→ **THE DATA**
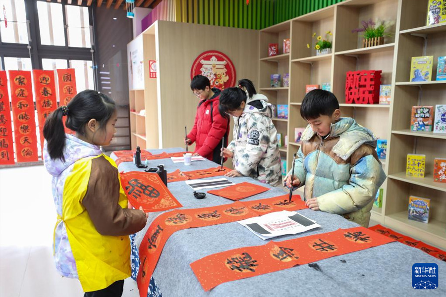 1/02月7日,在江蘇省興化市昭陽街道的一家新華書店,學(xué)生在“書香里的年味”新春主題活動中書寫對聯(lián)。(新華社發(fā) 周社根/攝)
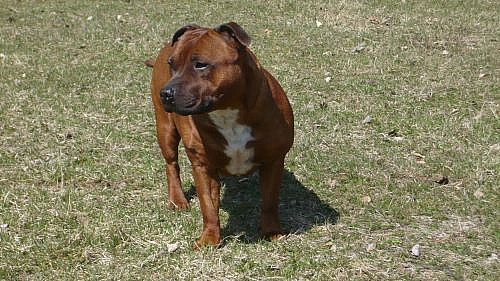 Nabízím zlatá štěňátka Stafbulíků s PP,2fenky a 3 pejsci. Oba rodiče L-2-HGA, HC – clear. Otec úspěšný na výstavách. Předpoklad pěkného exteriéru. Štěňátka jsou odchována doma s láskou, kontakt s dětmi a jinými psy. Při odběru budou očkovaná, čipovaná, několikrát odčervena + europas. Do nového domova si odnesou balíček. Stálý kontakt vítán. Nezávazná návštěva vítána. Více informací na tel: 724510262 nebo e-mail: zdenkamechurova@seznam.cz
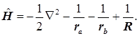 Составим молекулярный гамильтониан системы 3-х частиц. В атомных единицах он имеет вид:

→ **PROBLEM TO SOLVE**
Output an exact copy of the material, with the pictures removed.

→ **REPLY**
 1/02月7日,在江蘇省興化市昭陽街道的一家新華書店,學(xué)生在“書香里的年味”新春主題活動中書寫對聯(lián)。(新華社發(fā) 周社根/攝)
 Nabízím zlatá štěňátka Stafbulíků s PP,2fenky a 3 pejsci. Oba rodiče L-2-HGA, HC – clear. Otec úspěšný na výstavách. Předpoklad pěkného exteriéru. Štěňátka jsou odchována doma s láskou, kontakt s dětmi a jinými psy. Při odběru budou očkovaná, čipovaná, několikrát odčervena + europas. Do nového domova si odnesou balíček. Stálý kontakt vítán. Nezávazná návštěva vítána. Více informací na tel: 724510262 nebo e-mail: zdenkamechurova@seznam.cz
 Составим молекулярный гамильтониан системы 3-х частиц. В атомных единицах он имеет вид:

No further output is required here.